Beccaro et al. (2026) Assessing English peatland dynamics using MT-InSAR

Identification

• Journal: Remote Sensing of Environment
• Year: 2026
• Date: 2026-04-11
• Authors: Lisa Beccaro, Christian Bignami, Cristiano Tolomei, Stefano Salvi, Paolo Riccardi, Fred Worrall, Gerardo López Saldaña
• DOI: 10.1016/j.rse.2026.115414

Research Groups

• Istituto Nazionale di Geofisica e Vulcanologia, ONT, Rome, Italy
• Sarmap SA, Caslano, Switzerland
• University of Durham, Department of Earth Sciences, Durham, United Kingdom
• Assimila Ltd, Reading, United Kingdom

Short Summary

This study applies the Enhanced Persistent Scatterers (E-PS) multi-temporal Interferometric Synthetic Aperture Radar (MT-InSAR) method to three English peatland sites, revealing widespread ground subsidence (up to -10 mm/year) driven by vegetation degradation, land management practices, and fluctuating water levels, indicating that peat degradation currently outpaces formation.

Objective

• To assess the health conditions and investigate the potential drivers controlling ground motions in challenging English peatland environments using MT-InSAR, integrated with auxiliary remote-sensing and ground-based data.

Study Configuration

• Spatial Scale: Three moorland sites in England (Moor House blanket bog, Saddleworth blanket bog, Hatfield-Thorne raised bog). Moor House covers 74 km², Hatfield-Thorne covers approximately 3300 ha. InSAR ground resolution is 15 m.
• Temporal Scale: Sentinel-1 SAR data acquired from June 2017 to December 2024 (up to 8 years). Specific periods: Moor House (January 2021 – December 2024), Saddleworth (June 2017 – December 2024), Hatfield-Thorne (June 2017 – December 2024, split into two overlapping periods).

Methodology and Data

• Models used: Enhanced Persistent Scatterers (E-PS) multi-temporal Interferometric Synthetic Aperture Radar (MT-InSAR) method, integrated into SARscape® V. 6.1.0 software.
• Data sources:
  • Satellite: ESA Sentinel-1 SAR (C-band, ascending and descending orbits), Sentinel-2 optical images (SWIR bands).
  • Auxiliary: Natural England peat-containing soils map (2024), England Peat Map Portal (land cover classification, drainage grips), Marshall et al. (2024) soil samples and vegetation species data, Google Earth® basemap, European Forest Fire Information System (EFFIS) database (wildfire boundaries), piezometer water level data (Hatfield-Thorne).
  • Validation: Copernicus Land Monitoring Service European Ground Motion Service (EGMS) Ortho Vertical products (100 m resolution, RMSE ≤ 5 mm).

Main Results

• Widespread ground subsidence was observed across all three investigated peatland areas, with rates up to -10 mm/year, indicating that peat degradation currently exceeds peat formation.
• For Moor House, average subsidence rates were around -5 mm/year, showing a direct correlation between greater peat thicknesses and higher negative cumulative displacements.

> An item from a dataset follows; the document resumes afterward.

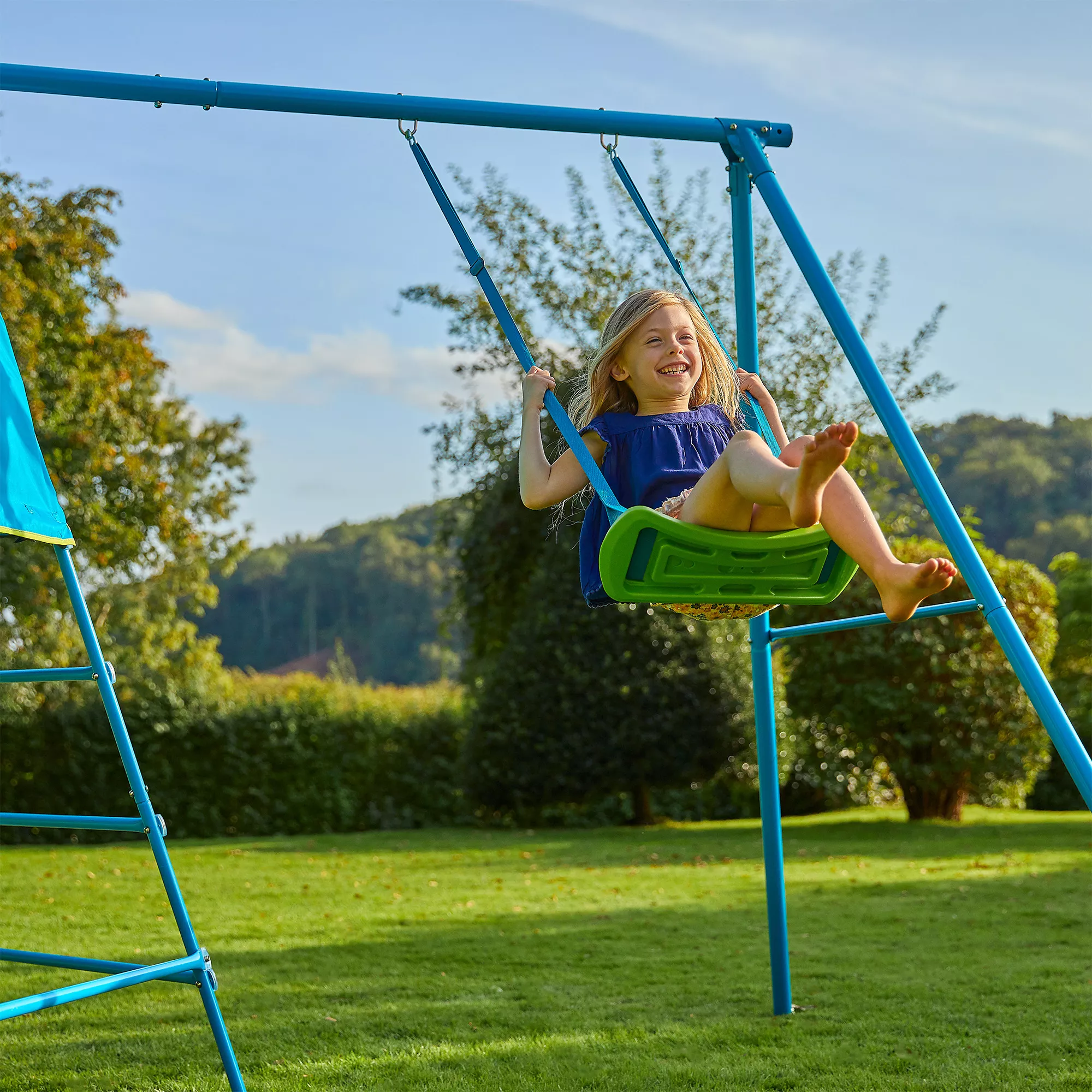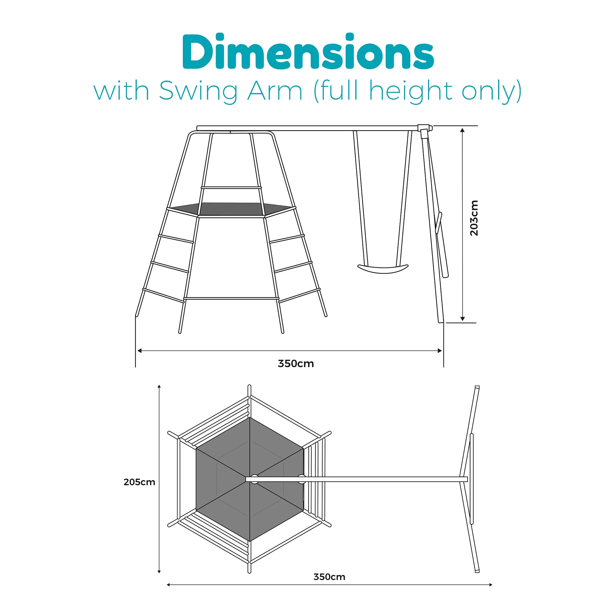 The TP Explorer Metal Climbing Frame has been loved by children for many years, perfect for imaginative play and getting your little ones running around creating unforgettable memories. The ‘growable’ frame is fun for children as young as just 18 months old when built at low height, at full height it’s perfect for kids aged 3-12 years. The Explorer is sold complete with a den and adventure style platform… what adventures will it take your little one on?! The TP Swing Arm and Rapid seat completes this best-selling set to bring a smile to your little ones face.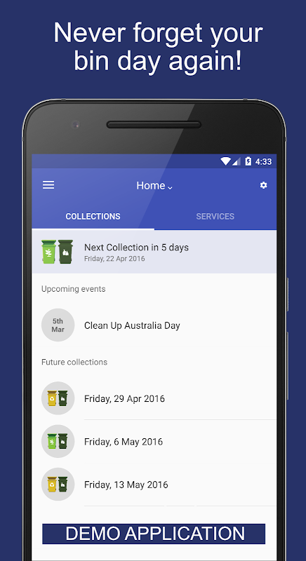This app demonstrates all the features of the What Bin Day - Council Services platform. The app is for Waste Education officers and anybody in councils or municipalities wishing to learn more about the WBD platform.

Land-use practices (e.g., drainage, controlled burning) were identified as influencing subsidence rates. Specific vegetation species (Calluna vulgaris and Eriophorum spp.) were found to act as stable scatterers for C-band InSAR, enabling high measurement point density.
• In Saddleworth, subsidence reached -10 mm/year in some areas. Wildfire events (e.g., June 2018) led to increased subsidence rates and/or reduced interferometric noise post-event due to the removal of protective vegetation and exposure of bare peat. Uplift signals (2-3 mm/year) were observed in adjacent areas undergoing long-term restoration efforts.
• Hatfield-Thorne moors experienced subsidence ranging from -2.5 mm/year to -5 mm/year. Small fluctuations in displacement time series were correlated with seasonal water level changes, with the peat surface not fully recovering to its initial state after seasonal cycles. The presence of open water and localized heather distribution resulted in a lower measurement point density compared to blanket bogs. A wildfire in May 2020 did not show post-event subsidence acceleration, highlighting heterogeneous responses.
• E-PS time series showed good agreement with EGMS data, with RMSE values generally below 4.4 mm, while providing a significantly higher spatial resolution and measurement point density.

Contributions

• This study represents the first application of the Enhanced Persistent Scatterers (E-PS) MT-InSAR technique to peatlands, demonstrating its effectiveness in obtaining good measurement point density over highly vegetated surfaces.
• It identifies specific vegetation species (Calluna vulgaris and possibly Eriophorum spp.) as relatively stable scatterers for C-band SAR, which is crucial for detailed InSAR analyses in these challenging environments.
• The research provides comprehensive, long-term (up to 8 years) ground deformation insights for three distinct English peatland types, correlating observed subsidence patterns with environmental and anthropogenic drivers such as vegetation degradation, land-use practices (wildfires, drainage, management), peat thickness, and water level fluctuations.
• The findings contribute to understanding peatland health and degradation processes, supporting monitoring and restoration efforts in these vital carbon sinks.

Funding

• European Space Agency (ESA) WorldPeatland project (ESA Contract No. 4000141937/23/I-DT).

Citation

@article{Beccaro2026Assessing,
  author = {Beccaro, Lisa and Bignami, Christian and Tolomei, Cristiano and Salvi, Stefano and Riccardi, Paolo and Worrall, Fred and Saldaña, Gerardo López},
  title = {Assessing English peatland dynamics using MT-InSAR},
  journal = {Remote Sensing of Environment},
  year = {2026},
  doi = {10.1016/j.rse.2026.115414},
  url = {https://doi.org/10.1016/j.rse.2026.115414}
}